When Nvidia’s RTX-series graphics cards debut on September 20, complete with tensor cores for A.I.-driven supersampling and RT cores for ray tracing, some of those features will go completely unused. Despite a growing list of games that will eventually support ray tracing, Nvidia has confirmed that there won’t be a single game with ray tracing support on the day of the cards’ launch.

Despite gamers clamoring to learn what real-world performance of the next-generation graphics cards will be like, Nvidia spent most of its Gamescom announcement of the new GPUs discussing ray tracing — what it is, why it’s so hard to do, and the tricks and techniques Nvidia has used to make it viable years before it should be theoretically possible. A big part of that is the RT cores found on Nvidia’s new RTX cards, but on day one, those cores won’t be doing much at all.
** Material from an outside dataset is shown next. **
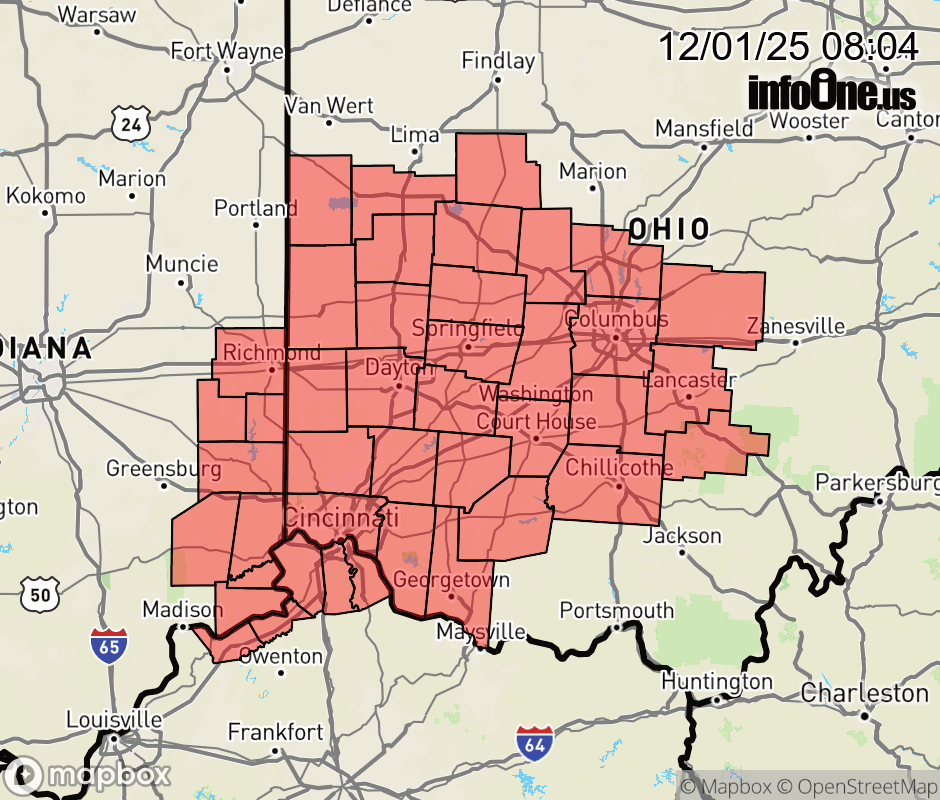 Canceled 12/1/25 11:24 AM Winter Weather Advisory issued December 1 at 8:02AM EST until December 2 at 10:00AM EST by NWS Wilmington OH * WHAT... Snow expected. Total snow accumulations of 2 to 4 inches. * WHERE... Portions of East Central and Southeast Indiana, Northern Kentucky and Central, South Central, Southwest and West Central Ohio. * WHEN... From 7 PM Monday to 10 AM EST Tuesday. * IMPACTS... Plan on slippery road conditions. The hazardous conditions will likely impact the Tuesday morning commute. ![]() |

The current list of games that have been confirmed to be adding ray tracing at some point in the future currently stands at 11. However, even though some of those are now available, they don’t have the ray tracing visual features just yet. As  Tony Tamasi, Nvidia senior vice president of content and technology, confirmed to PC World, some of them will begin to add ray tracing features a month or two after the release of the cards. That will coincide with Microsoft’s planned Windows 10 October 2018 update, which should bring official support for its own DirectX ray tracing API, which powers Nvidia’s solution.

Tamasi didn’t go into detail about which games we could expect to see ray tracing debut on first, but considering Battlefield 5 was one of the biggest showcase titles at the original RTX unveiling and is itself releasing on November 20, two months after the RTX graphics cards, it seems likely to be one of the first. Shadow of the Tomb Raider is also known to have working ray tracing already — albeit with a big performance hit — so it is a likely candidate for early adoption too.

When games do start to add ray tracing support, they’ll likely only be supported by the top two cards: the Nvidia RTX 2080 Ti and 2080. We still don’t have a firm release date for the more affordable RTX 2070. The expected mid- and entry-level offerings, the 2060 and 2050, are rumored to be classed as “GTX” rather than RTX cards, and could ship out without support for the new ray tracing and DLSS visual features.